EL
APOCALIPSIS
Capítulo 15
1 Y VI otra señal en el cielo, grande y admirable, que era siete ángeles
que tenían las siete plagas postreras; porque en ellas es consumada la
ira de Dios.
2 Y vi así como un mar de vidrio mezclado con fuego; y los que habían
alcanzado la victoria de la bestia, y de su imagen, y de su señal, y del
número de su nombre, estar sobre el mar de vidrio, teniendo las arpas de
Dios.
3 Y cantan el cántico de Moisés siervo de Dios, y el cántico del
Cordero, diciendo: Grandes y maravillosas son tus obras, Señor Dios
Todopoderoso; justos y verdaderos son tus caminos, Rey de los santos.
4 ¿Quién no te temerá, oh Señor, y engrandecerá tu nombre? porque tú
sólo eres santo; por lo cual todas las naciones vendrán, y adorarán
delante de ti, porque tus juicios son manifestados.
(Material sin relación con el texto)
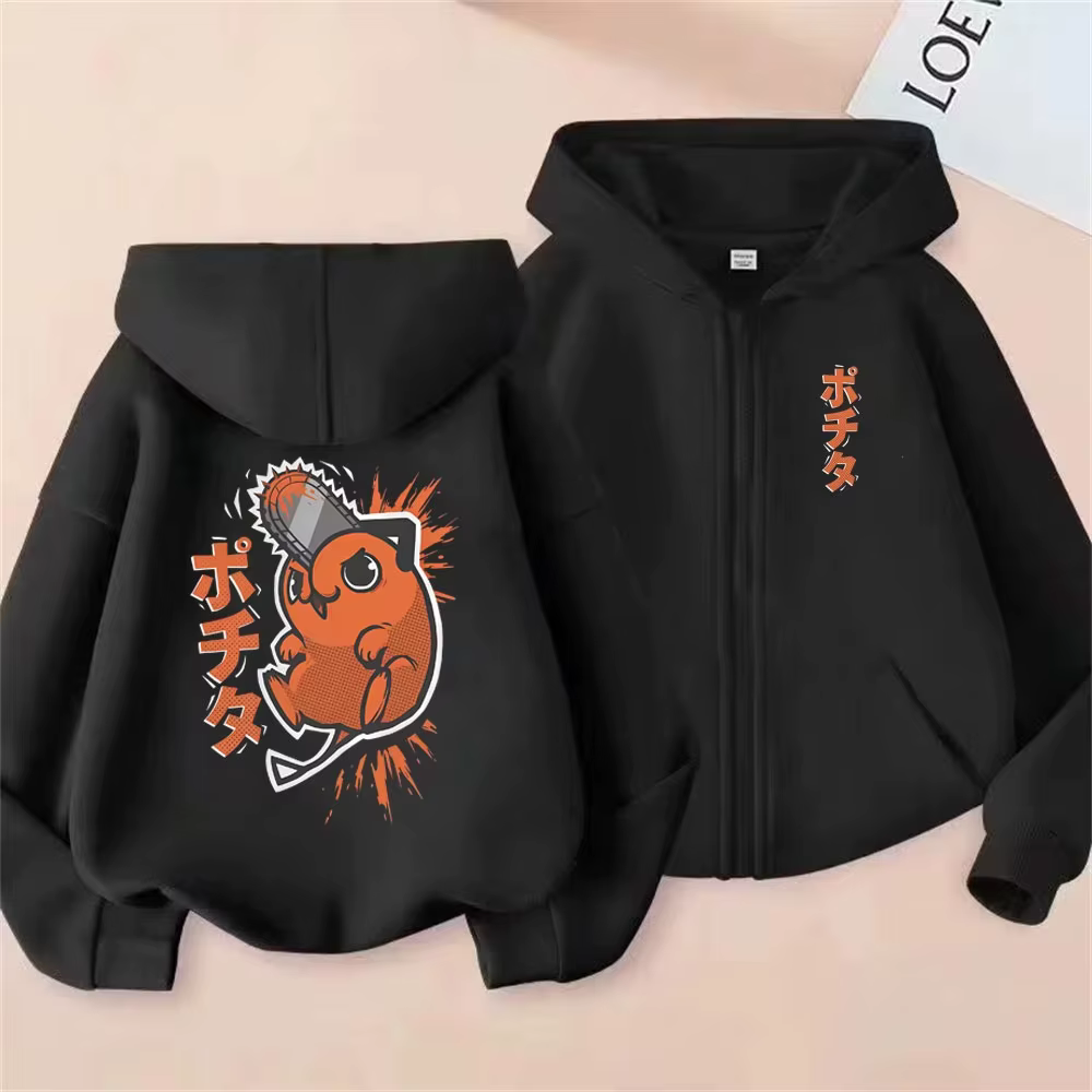 Anime motosserra homem lavado retro zíper hoodie dos desenhos animados denji pochita engraçado gráfico zip up jaqueta das mulheres dos homens mangá casaco de grandes dimensões
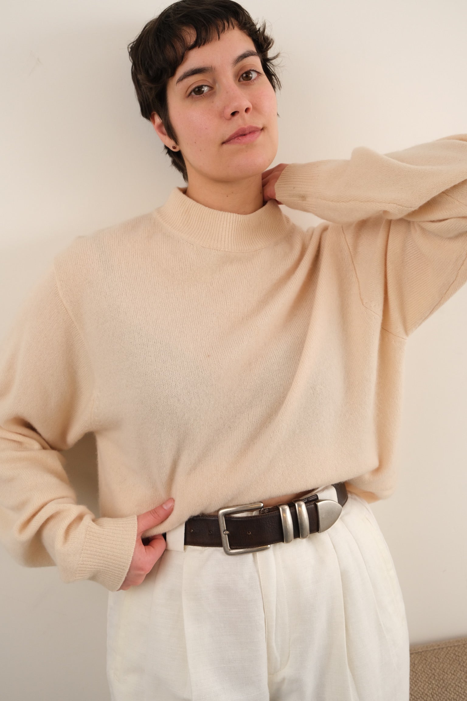 Vintage 90s Alabaster Cashmere Mock Neck Sweater
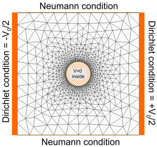 Finite element mesh for the 2D numerical simulations together with the boundary conditions used in the numerical model. The potential is constant inside the metallic particle and is imposed at the external boundaries that correspond to the current electrodes. The potential is computed around the metallic grain in the background material. Modified from [45].
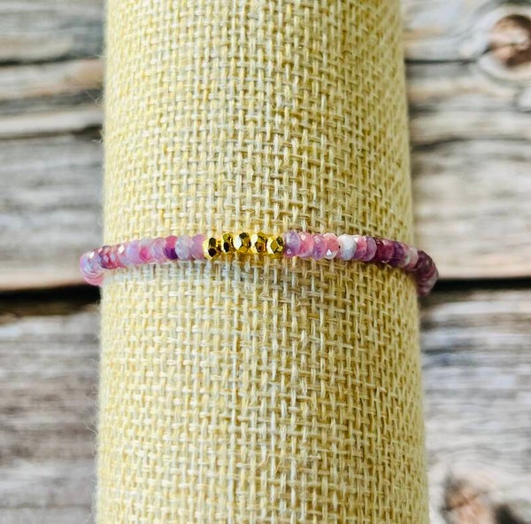 Elégant et raffiné, ce bracelet en Tourmaline rose naturelle facettée illumine le poignet de ses reflets délicats. Les rondelles de Tourmaline révèlent des nuances subtiles du rose poudré au mauve, réhaussées par des perles en argent sterling plaqué or ( 1 micron ) pour une touche lumineuse et durable.
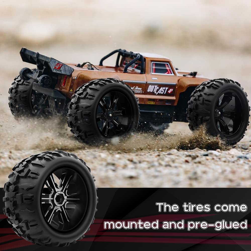 - Compatibility: This 1/10 scale 17mm hex RC wheels and tires are designed for nearly all 1/10 scale RC trucks with a 17mm hex, including popular models such as the 1/10 Maxx, Revo 3.3, Summit, T-Maxx 3.3, E-Revo, and 1/10 Arrma Outcast 4S/Kraton 4S RC Monster Truck. Please verify compatibility with your specific model.

5 Y después de estas cosas miré, y he aquí el templo del tabernáculo del
testimonio fué abierto en el cielo;
6 Y salieron del templo siete ángeles, que tenían siete plagas, vestidos
de un lino limpio y blanco, y ceñidos alrededor de los pechos con bandas
de oro.
7 Y uno de los cuatro animales dió á los siete ángeles siete copas de
oro, llenas de la ira de Dios, que vive para siempre jamás.
8 Y fué el templo lleno de humo por la majestad de Dios, y por su
potencia; y ninguno podía entrar en el templo, hasta que fuesen
consumadas las siete plagas de los siete ángeles.